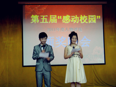 (本网讯)5月12日晚,由校团委主办的第五届IM在线“感动校园人物”评选暨颁奖晚会在未央校区报告厅举行。各院系分团委(团总支)书记与学生观众共300余人与今年的“感动人物”一起共同分享了他们的感人事迹。
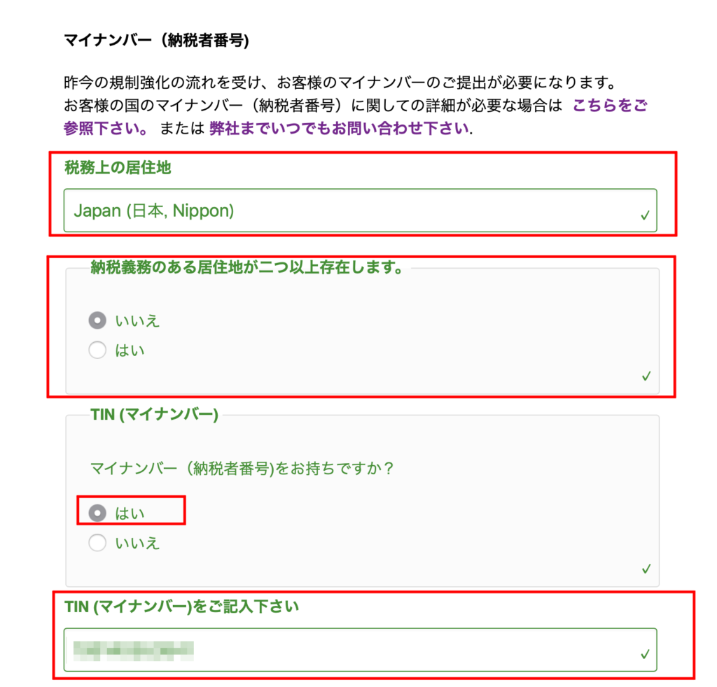 TIN(マイナンバー)には「はい」にチェックしてください。
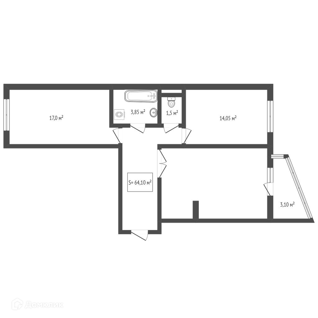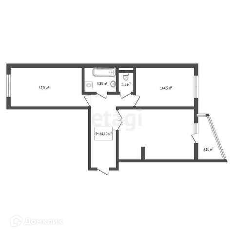Общая площадь 64 м2

======

_Exercise aim_
The response must restate each line of the material above exactly and contain no images.

_Exercise response_
 (本网讯)5月12日晚,由校团委主办的第五届IM在线“感动校园人物”评选暨颁奖晚会在未央校区报告厅举行。各院系分团委(团总支)书记与学生观众共300余人与今年的“感动人物”一起共同分享了他们的感人事迹。
 TIN(マイナンバー)には「はい」にチェックしてください。
Общая площадь 64 м2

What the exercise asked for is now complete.